Deposition of Sir William Aton

Aton, like Rither, devotes considerable attention to tournaments, which he seems to regard as a means of acquiring honor equal to war itself.

SIR WILLIAM ATON, aged eighty-seven, armed sixty-six years, deposed that in his time Sir Henry Scrope, father to the present Sir Richard Scrope, descended of noble and gentle ancestry, was, by consent of his parents, put to the law, and became the King's Justice; but, nevertheless, used in his halls, on his beds, in windows, and on plate, the arms Azure, a bend Or; that the said Sir Henry used these arms as his own, as his father had borne them before him, in tournaments and in other places, as the fashion then was; for he, the deponent, had heard his father and his uncles and ancestors say, that the father of Sir Henry Scrope the Justice (the which Sir Henry was father of the present Sir Richard) and of Sir Geoffrey Scrope, brother of the said Sir Henry Scrope, and also the King's Justice, was named Sir William Scrope and that he was in his time the ablest tourneyer of all their country, and always tourneyed in the arms Azure, a bend Or, and had been a good esquire and good servant in arms, whilst an esquire, and a good "bohourdeor [participant in a kind of bloodless tournament]."

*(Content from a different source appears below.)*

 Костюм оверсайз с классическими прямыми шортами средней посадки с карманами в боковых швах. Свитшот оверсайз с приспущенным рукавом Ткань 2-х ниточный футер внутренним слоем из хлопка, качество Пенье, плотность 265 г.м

And moreover that he had seen the said Sir Geoffrey Scrope the brother, who was knighted at the tournament of Northampton in the time of King Edward the Second; the which Geoffrey was, in his day, a noble knight, and tourneyed at that tournament in the same arms with a white label, performing right nobly, and with his banner; and under his banner other knights, whose names the Deponent did not recollect, tourneyed also.

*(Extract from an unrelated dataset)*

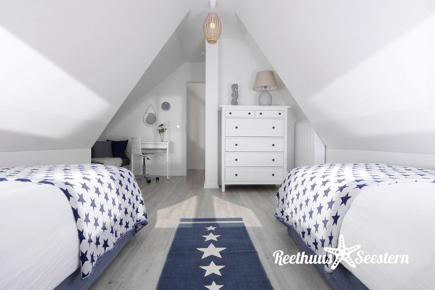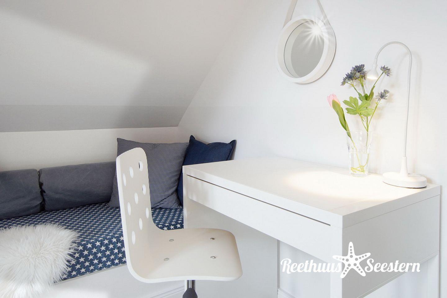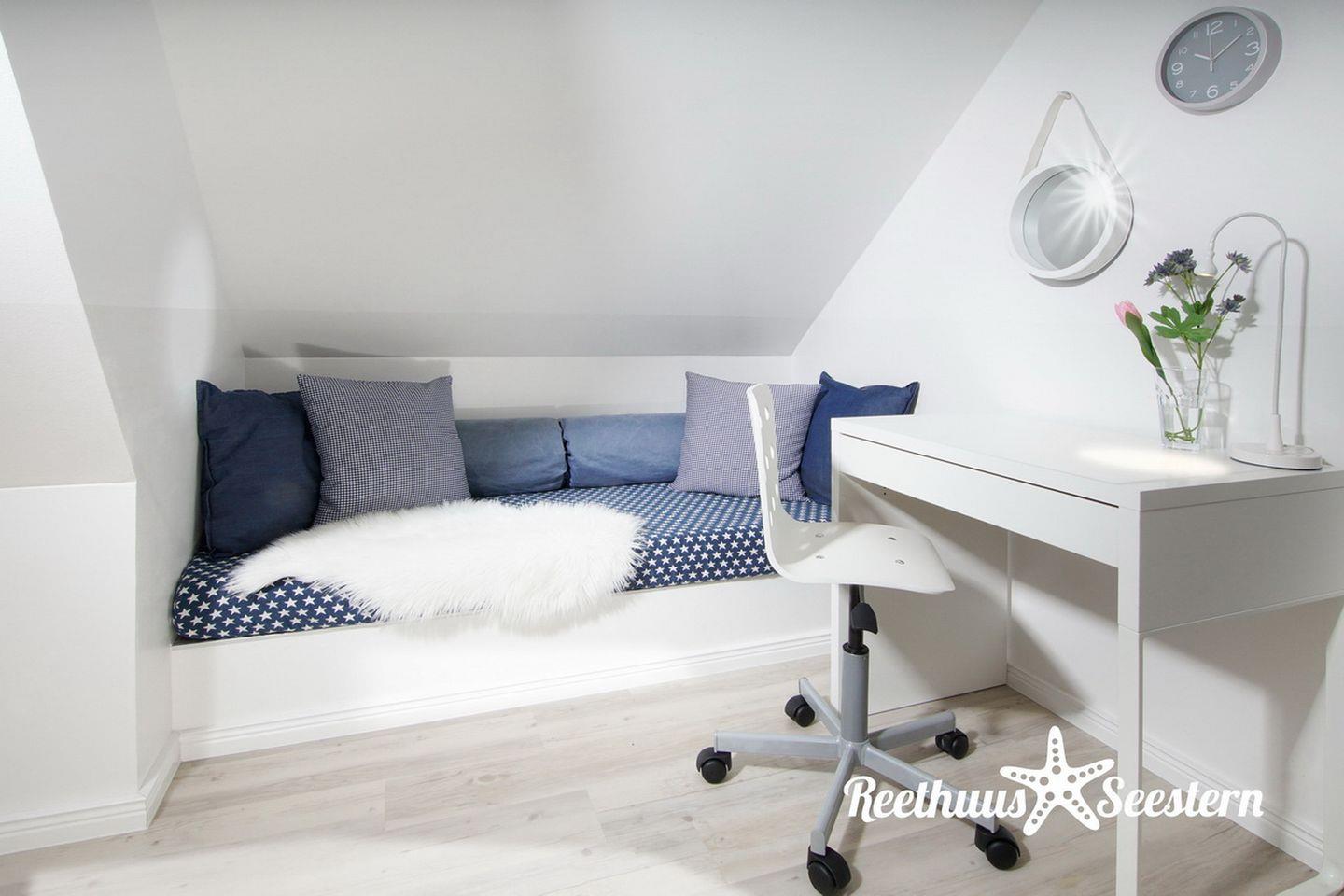 Im ersten Obergeschoss befinden sich zwei Schlafzimmer. Im ersten Schlafzimmer steht ein Boxspringbett (1 x 180 x 200 cm), im zweiten zwei Einzelboxspringbetten (100 x 200 cm). Eine gemütliche Schreibtischecke für eure Urlaubspost befindet sich ebenfalls im Obergeschoss. Dieser Arbeitsplatz ist mit einem Computermonitor ausgestattet (DVI-Anschluss und USB-Station). Auch eine Waschmaschine und ein Trockner stehen im 1.OG bereit. Im Dachgeschoss des Hauses findet ihr das dritte Schlafzimmer im Spitzboden mit zwei Einzelbetten (80 x 200 cm), Schreibtisch und einer gemütlichen Sofa-Nische vor.

And, after that reign, the late King Edward the Third commenced his wars in Scotland; and there the said Sir Geoffrey was armed with his banner: after which began the wars in France, when the said Sir Geoffrey was in the expedition of the King to Burenfos, and from Burenfos the King went to the siege of Tournay, and there Sir Geoffrey was armed in the retinue of the King, in the said arms with a white label.

Sir William Aton added, that wherever he had been armed, he always saw one or two of the Scropes bearing the arms in question; that since he had ceased to bear arms, he had always heard that they continued to enjoy them peaceably and with great honour; and that he had heard from his ancestors that the Scropes and their arms came over with Robert de Gant at the Conquest.

He had never heard of any challenge being made to the said arms by Sir Robert Grosvenor, and never saw them borne by the Grosvenors, neither in the first wars in France, nor in Scotland, nor in tournaments, nor in any other place, and had never heard of their ancestry.

[The arms usually attributed to Sir William Aton are, Or, a cross Sable.]
 

The text is from The Controversy between Sir Richard Scrope and Sir Robert Grosvenor in the Court of Chivalry A.D. MCCCLXXXV-MCCCXC, ed. Sir N. Harris Nicholas. London. 1832. pp. 349-50 [paragraphing and occasional gloss added].